■ GIVEN MATERIAL

>>>>>

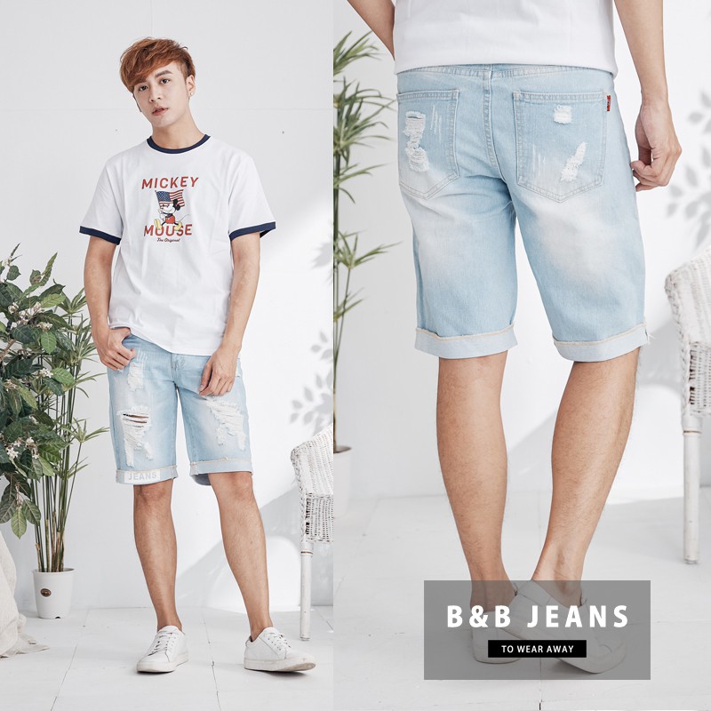 淺藍手工割破牛仔短褲
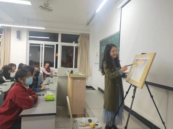 另外在讲座中设置了一个独特的刀画现场展示环节,金星老师也为同学们现场作画。从刀画的每一个基本元素包括天空、远山、草坪等详细讲解其中的笔触与色彩构图,最后一幅完整的刀画作品在短时间诞生出来,同学们不禁赞叹于刀画的魅力。最后在抽奖环节中,由非遗协会、会展协会负责人和金星老师分别抽取三至一等奖,奖品皆是与刀画相关的书签、原木片和现场画作,中奖的同学脸上都洋溢着笑容。我们也希望这些获奖的同学能真正地将刀画文化带到更多地方!
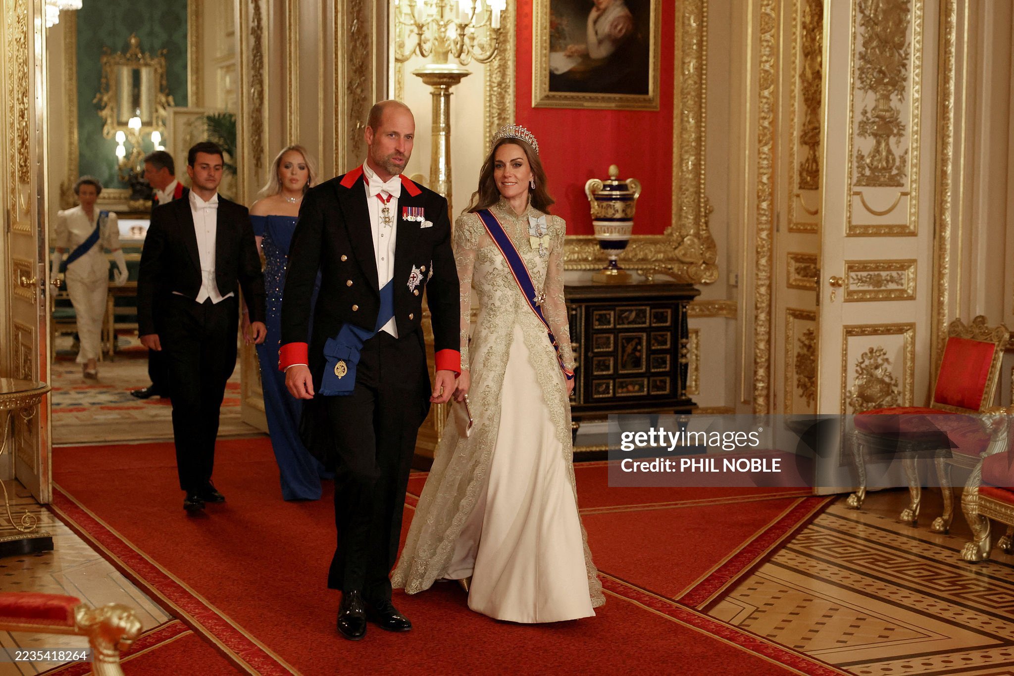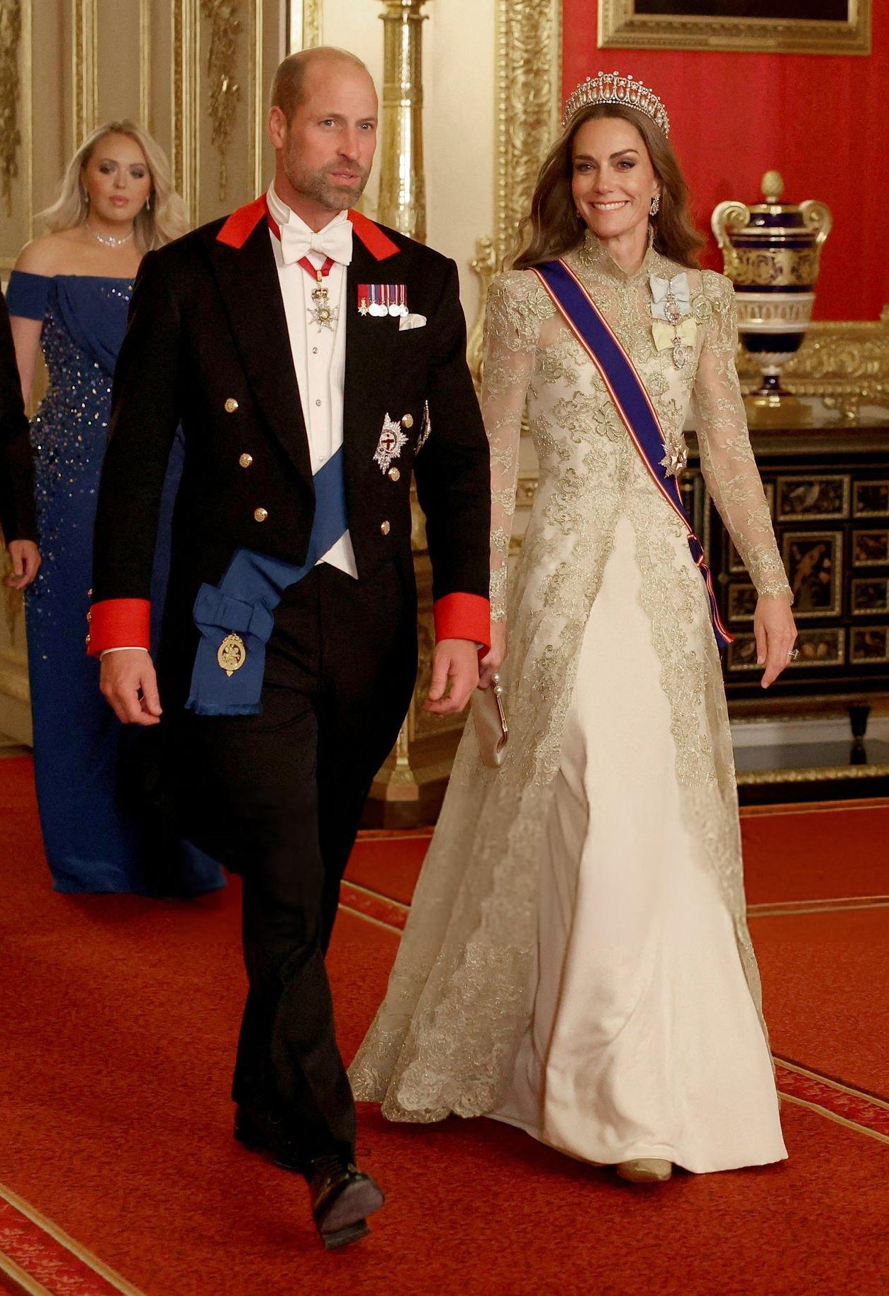Принцесата на Уелс е облечена в рокля от британския дизайнер Филипа Лепли, както и в дълго, ръчно бродирано вечерно палто от златна дантела Шантили върху копринена креп рокля.

<<<<<

■ TASK BRIEF
Output each line above exactly. Skip the images.

■ SOLVED PROBLEM
 淺藍手工割破牛仔短褲
 另外在讲座中设置了一个独特的刀画现场展示环节,金星老师也为同学们现场作画。从刀画的每一个基本元素包括天空、远山、草坪等详细讲解其中的笔触与色彩构图,最后一幅完整的刀画作品在短时间诞生出来,同学们不禁赞叹于刀画的魅力。最后在抽奖环节中,由非遗协会、会展协会负责人和金星老师分别抽取三至一等奖,奖品皆是与刀画相关的书签、原木片和现场画作,中奖的同学脸上都洋溢着笑容。我们也希望这些获奖的同学能真正地将刀画文化带到更多地方!
Принцесата на Уелс е облечена в рокля от британския дизайнер Филипа Лепли, както и в дълго, ръчно бродирано вечерно палто от златна дантела Шантили върху копринена креп рокля.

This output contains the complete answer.